Wednesday, December 17, 2008

Further commentary on: The Face of Seung Hui Cho

There didn't seem to be much to say about the Virginia Tech shootings. A mentally ill person went on a rampage, as mentally ill people will sometimes do. The independent variable was that he had such ready access to guns. You could talk about gun control, violence in popular culture, or the ways we have failed to provide for the care of the mentally ill. There was something to each of these points, but they all had a rehearsed, formulaic quality when you read about them. Any effort to yoke this thing to some larger agenda felt forced. There was, for instance, an extremely lame attempt by right wing bloggers to link "Ismail Ax" (a cryptic term that Cho had written) to Islamic terrorism. The temptation was to conclude that this was an essentially meaningless event, without any larger significance beyond itself.

It was my feeling that the event actually enacted something about the structure of American society -- something so apparent that no one could see it. Not something that could be read in terms of reform, or of moral outrage, but about the way it felt to confront a society of open opportunity, where your own actions determined your fate, and your own actions could make you, if you were an elegant, smiling, self-possessed, brilliant, handsome, but then also unthreatening, person with a preternaturally cool demeanor and a heart full of idealism tempered by wisdom and pragmatism, into the President of the United States, even if you had come from nowhere and had started as nobody; and it could also lead you, if you were a weak, wounded, stunted, sickly soul, into a position of total and unmitigated isolation, even though there were people whose job it was to care about you and care for you.

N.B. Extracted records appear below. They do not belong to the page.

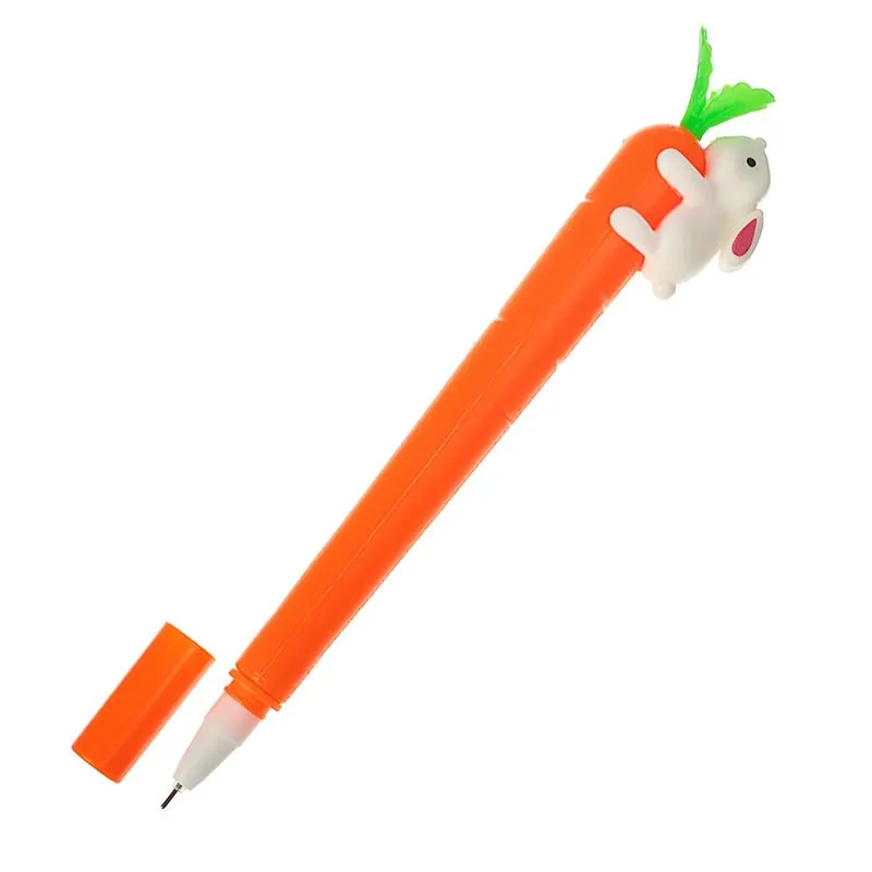 Гелевая ручка в виде морковки с маленьким зайчишкой! Практичный, всегда нужный предмет, которым мы пользуемся каждый день. Поднимает настроение, привлекает внимание. Приятно держать в руках, и писать – одно удовольствие. Ручка-морковка придётся по вкусу и деткам – больше энтузиазма чтоб сесть за уроки. Для взрослых станет оригинальным украшением рабочего стола и приятным напоминанием о человеке, который преподнёс её.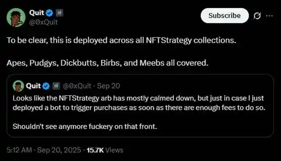 可能是由于团队工作量过载,TokenWorks 并没有部署相应的机器人来确保资金达到**可购买数额时立即买入。不过,这个问题似乎并没有影响新**的表现,而 Yuga Labs 区块链部门的 VP @0xQuit 也表示,他个人已经部署了一个机器人来解决这个问题。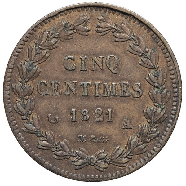 - Louis XVIII (1814-1824). Essai de cinq centimes 1821, A, Paris.

We celebrate winners, but a society conceived in these terms is premised on the existence of losers; people who try to make it but can't, people who don't have what it takes to earn a place for themselves; people who have earned their total exclusion from life as surely as others have earned their place at the center of it. Let us call them the untalented tenth. And since we aren't comfortable with this fact, we don't want to look at the losers, even if we know something about what those people felt and knew; especially because we do. To evoke some of this feeling, I found it necessary to go beyond the usual commentary and try to involve the reader in some of the internal turmoil of youth, particularly male youth, and to remind everyone of the aspects of Cho's predicament that are expressed all around us, every day of our lives. Cho wanted, above all, to be looked at and regarded as the things he was not: strong, manly, and capable; and he fantasized into existence a shadow life, fashioned out of the detritus of American popular culture, in which the same fantasies of the besieged self rising up to smite down a sea of enemies are in constant circulation. What desire is gratified by these images? And don't they arise from out of the matrix of our everyday lives? The experiment I attempted in this piece -- and its success or failure is for others to judge -- was to see if I could make that connection.